* _Action item_: For the entries that follow, restate word for word the line containing "Zeichnung von ECHO", the line containing "MATTANEWS.CO, SOLOK –", and every line that lies between them.

* _Provided data_:
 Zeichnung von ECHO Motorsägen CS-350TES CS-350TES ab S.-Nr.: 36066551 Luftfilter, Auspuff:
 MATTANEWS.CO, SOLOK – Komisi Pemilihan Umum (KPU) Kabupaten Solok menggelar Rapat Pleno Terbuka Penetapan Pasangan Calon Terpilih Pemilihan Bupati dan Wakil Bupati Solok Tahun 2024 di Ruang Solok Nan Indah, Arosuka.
==
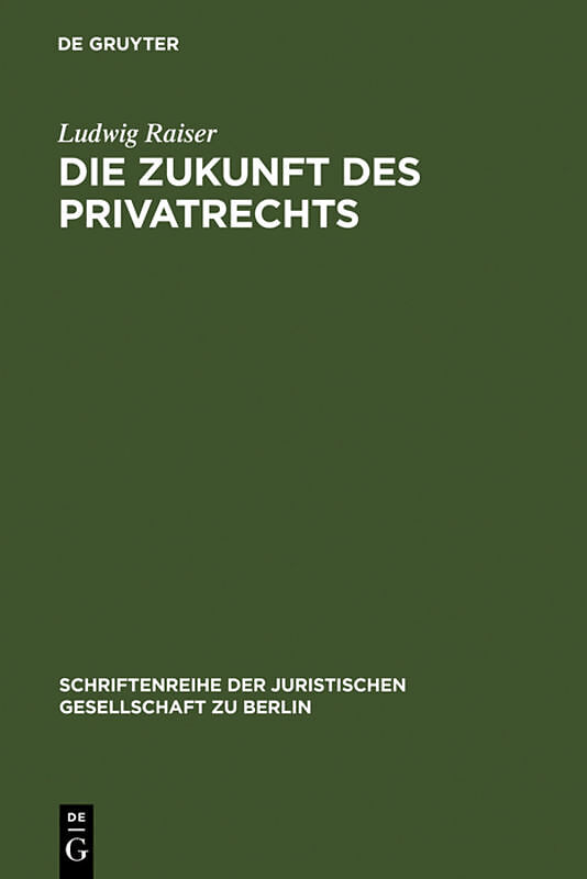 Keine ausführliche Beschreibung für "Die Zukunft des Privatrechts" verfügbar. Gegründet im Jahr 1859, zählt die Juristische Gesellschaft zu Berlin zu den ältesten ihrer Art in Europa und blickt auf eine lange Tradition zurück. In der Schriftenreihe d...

* _Exercise output_:
 Zeichnung von ECHO Motorsägen CS-350TES CS-350TES ab S.-Nr.: 36066551 Luftfilter, Auspuff:
 MATTANEWS.CO, SOLOK – Komisi Pemilihan Umum (KPU) Kabupaten Solok menggelar Rapat Pleno Terbuka Penetapan Pasangan Calon Terpilih Pemilihan Bupati dan Wakil Bupati Solok Tahun 2024 di Ruang Solok Nan Indah, Arosuka.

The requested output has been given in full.